▶ _Problem to solve_: Please reproduce all of the data below exactly, leaving each picture out.

*** Dataset entries Section Begins ***

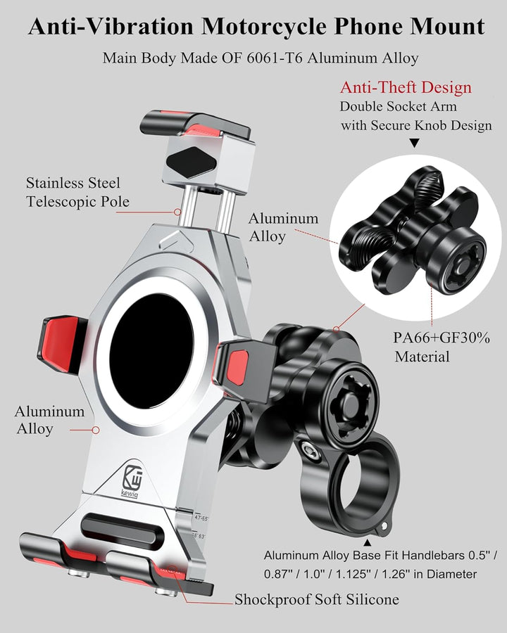 - [Einfach zu installieren] Das im Lieferumfang enthaltene Zubehör ermöglicht die einfache Befestigung dieser Handyhalterung am Lenker und Rückspiegel. Die Lenkerhalterung für Motorradtelefonhalter ist für Lenker mit einem Durchmesser von 0,5 Zoll (12
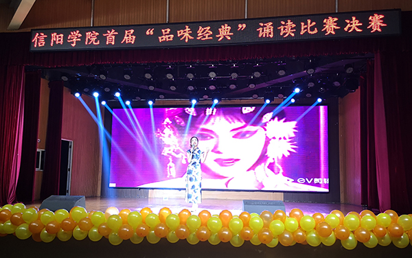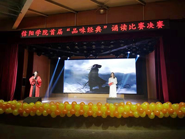12月10日晚,由学校党委宣传部、学生处、教务处、校团委和文学院共同主办的信阳学院首届“品味经典”诵读比赛决赛在大学生活动中心举办。集团董事长高峰、副校长王志华出席比赛活动。党委宣传部部长李肖利、团委书记郑山峰、学生处干事宋川川、文学院广播电视学教师刘艺等担任评委。文学院院长毛正天、党总支书记张甲楠和600余名师生观看了比赛。
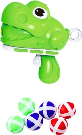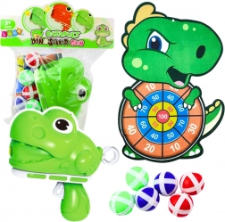 U kompletu se nalazi pištolj u obliku dinosaura koji zahvaljujući opružnom mehanizmu omogućuje brzo napinjanje i pucanj. Na taj način igrač uči planiranje redoslijeda poteza i preciznost, što povećava njegove vještine. Igra sadrži šest mekanih, sigurnih loptica s ljepljivim elementima koje čvrsto prianjaju na površinu mete i minimaliziraju rizik od gubitka dijelova.
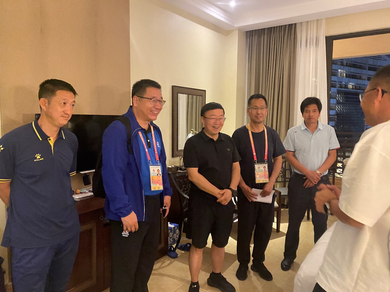 11月25日晚,校党委常委、副校长黄河、william威廉英国党总支书记王志霄、william威廉英国院长咸云龙在海南省宁夏代表团驻地马兰花酒店慰问了我校木球队、花炮队、高脚竞速队的运动员。
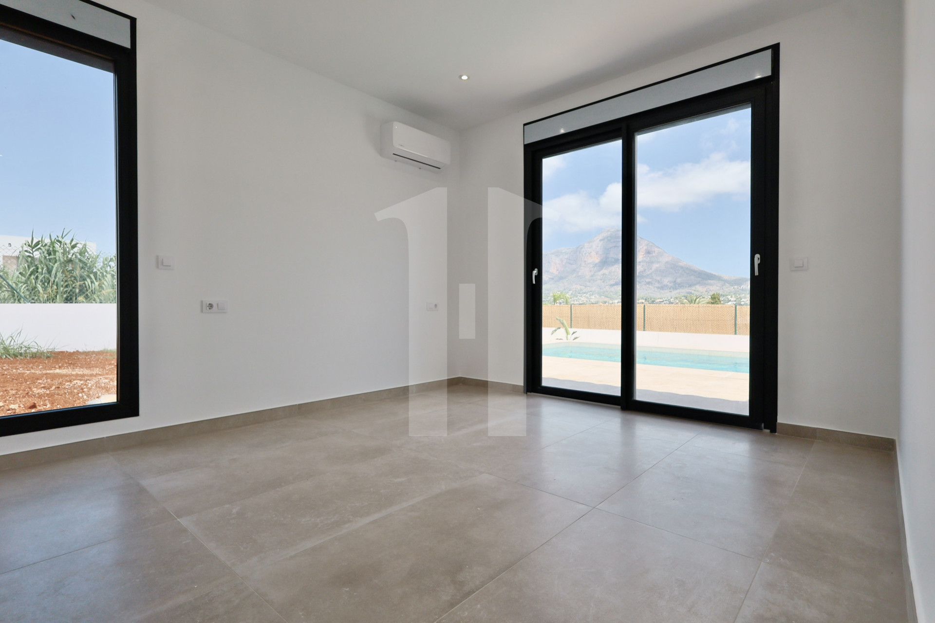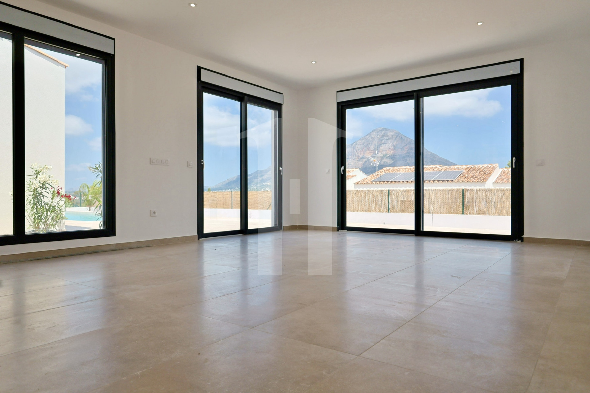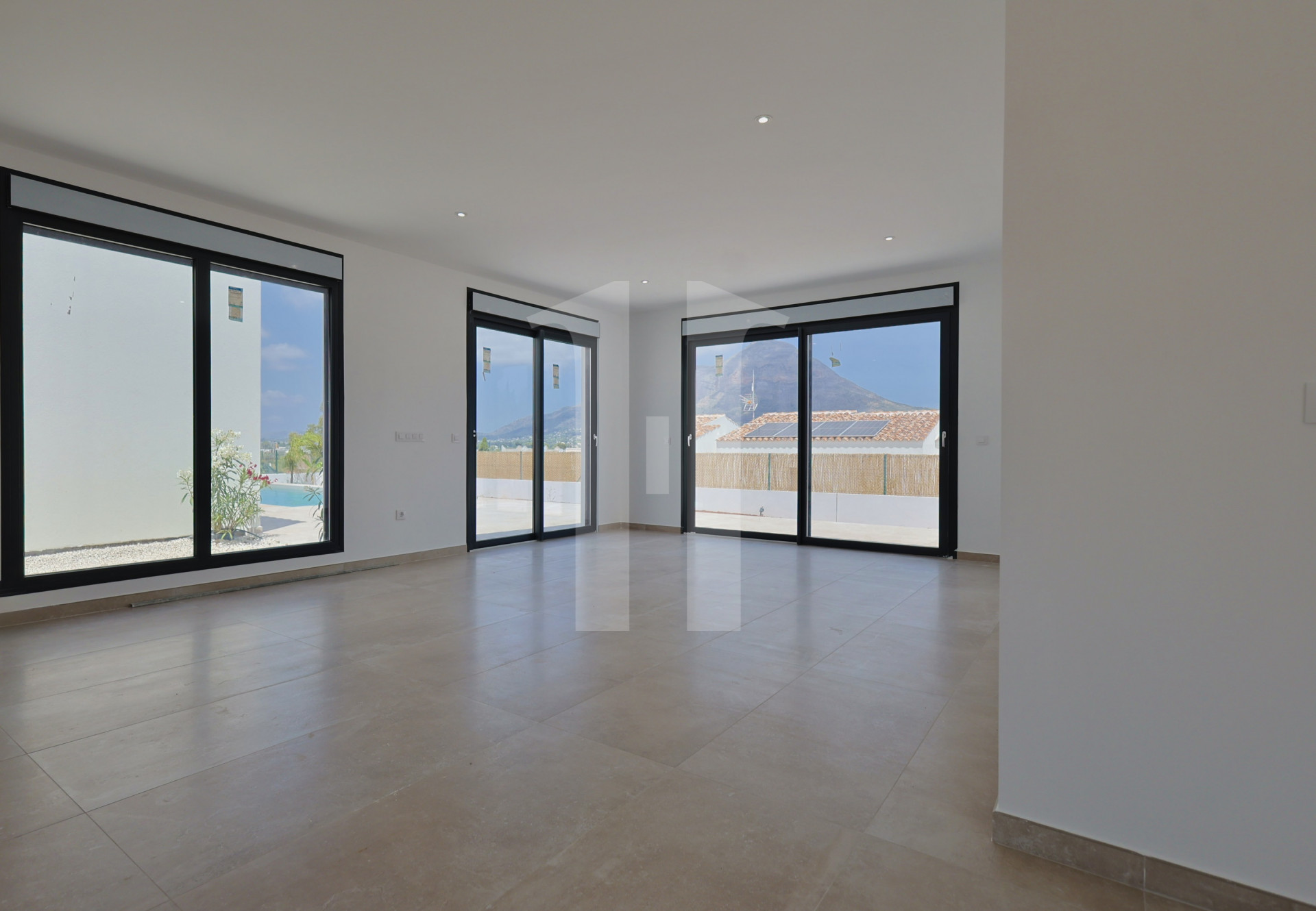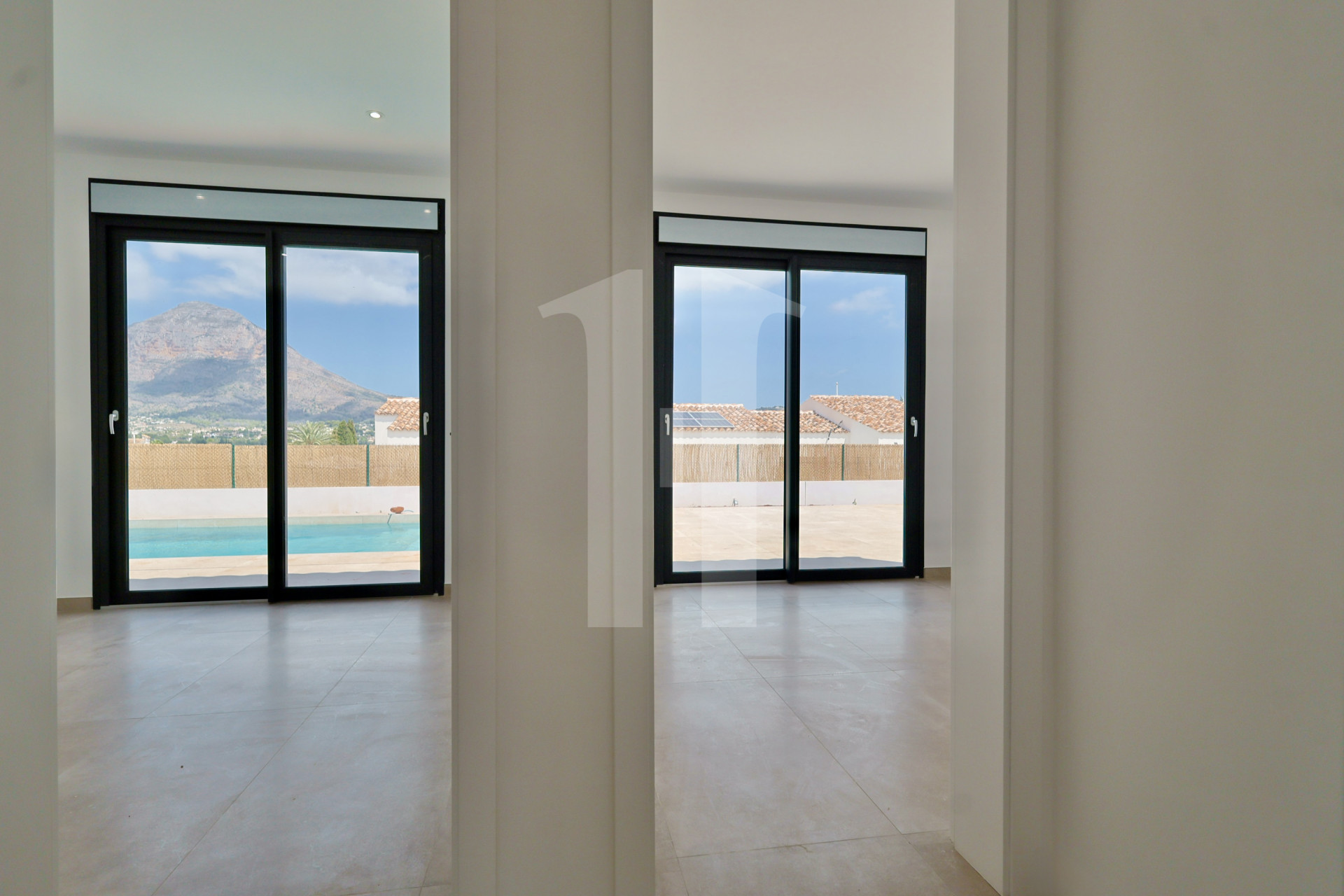 Distribuida en una sola planta, la villa permite moverse cómodamente entre las diferentes áreas. El salón destaca por su luminosidad y atractivo, gracias a los grandes ventanales que dan acceso directo a la terraza cubierta y a la piscina privada. Desde el salón, podrá disfrutar de impresionantes vistas a la piscina y al Montgó.

*** Dataset entries Section Ends ***

▶ _Exercise solution_:
 - [Einfach zu installieren] Das im Lieferumfang enthaltene Zubehör ermöglicht die einfache Befestigung dieser Handyhalterung am Lenker und Rückspiegel. Die Lenkerhalterung für Motorradtelefonhalter ist für Lenker mit einem Durchmesser von 0,5 Zoll (12
12月10日晚,由学校党委宣传部、学生处、教务处、校团委和文学院共同主办的信阳学院首届“品味经典”诵读比赛决赛在大学生活动中心举办。集团董事长高峰、副校长王志华出席比赛活动。党委宣传部部长李肖利、团委书记郑山峰、学生处干事宋川川、文学院广播电视学教师刘艺等担任评委。文学院院长毛正天、党总支书记张甲楠和600余名师生观看了比赛。
 U kompletu se nalazi pištolj u obliku dinosaura koji zahvaljujući opružnom mehanizmu omogućuje brzo napinjanje i pucanj. Na taj način igrač uči planiranje redoslijeda poteza i preciznost, što povećava njegove vještine. Igra sadrži šest mekanih, sigurnih loptica s ljepljivim elementima koje čvrsto prianjaju na površinu mete i minimaliziraju rizik od gubitka dijelova.
 11月25日晚,校党委常委、副校长黄河、william威廉英国党总支书记王志霄、william威廉英国院长咸云龙在海南省宁夏代表团驻地马兰花酒店慰问了我校木球队、花炮队、高脚竞速队的运动员。
 Distribuida en una sola planta, la villa permite moverse cómodamente entre las diferentes áreas. El salón destaca por su luminosidad y atractivo, gracias a los grandes ventanales que dan acceso directo a la terraza cubierta y a la piscina privada. Desde el salón, podrá disfrutar de impresionantes vistas a la piscina y al Montgó.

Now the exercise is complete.